From the Sydney Morning Herald :
COMMERCIAL tanning beds will be banned in NSW under radical new laws to be announced by the government today.
NSW will be the only place in the world besides Brazil to institute a total ban on ultraviolet solariums tanning units when the laws come into place from December 31, 2014, and cancer groups hope other states and countries will follow.
The ban is likely to save lives but could put some NSW solariums – which pay about $30,000 for new tanning beds – out of business.

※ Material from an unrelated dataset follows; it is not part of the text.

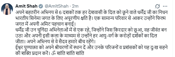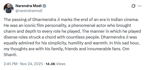 धर्मेंद्रजींच्या निधनाने भारतीय चित्रपटसृष्टीतील एका युगाचा अंत झाला. ते एक प्रतिष्ठित चित्रपट व्यक्तिमत्व होते, एक अद्भुत अभिनेता होता ज्याने प्रत्येक पात्रात खोली आणि आकर्षण आणले. वेगवेगळ्या भूमिका साकारण्याची त्यांची शैली असंख्य लोकांच्या हृदयाला भिडली. धर्मेंद्र जी यांच्या साधेपणा, नम्रता आणि प्रेमळपणाचे तितकेच कौतुक केले गेले. या दु:खाच्या वेळी त्यांचे कुटुंबीय, मित्र आणि असंख्य चाहत्यांप्रती माझ्या संवेदना. ओम शांती.

The Environment Ministe, Robyn Parker, chose World Cancer Day to make her announcement, saying sun beds were carcinogenic and the International Agency for Research on Cancer had placed them in the same category of risk as asbestos. “Sadly, Australia has the highest incidence of skin cancer in the world and this ban is long overdue,” she said.
There are about 100 businesses with 254 commercial tanning units registered in NSW, and about 10 per cent offer UV tanning exclusively. That group would be offered help through the Department of Trade and Investment’s business advisory services, Ms Parker said.
Jay Allen, a melanoma survivor who led the campaign for the ban, said he was “over the moon”.
“This is for all the people who have lost their life to melanoma, all the people living with melanoma,” he said. “It’s going to save many, many lives.”
A professor of public health at the University of Sydney, Simon Chapman, said: “Solaria are cancer incubators and we have known that for a good while”. He said Mr Allen’s campaign was one of the best examples of consumer advocacy he had seen.
The chief executive of the Cancer Council Australia, Ian Olver, said he hoped other states would follow. “It starts with one state that is brave enough to do it and it usually flows on,” he said.
He said governments paid for cancers caused by sunbeds so they had a right to ban them.
A study by the University of Sydney estimated the ban would prevent about 120 melanomas from developing and save about 10 lives.
The Greens have pushed for a ban on sunbeds and Frank Sartor, as environment minister in the former Labor government, announced a partial ban. But days before the state election, Labor backed down on its stance.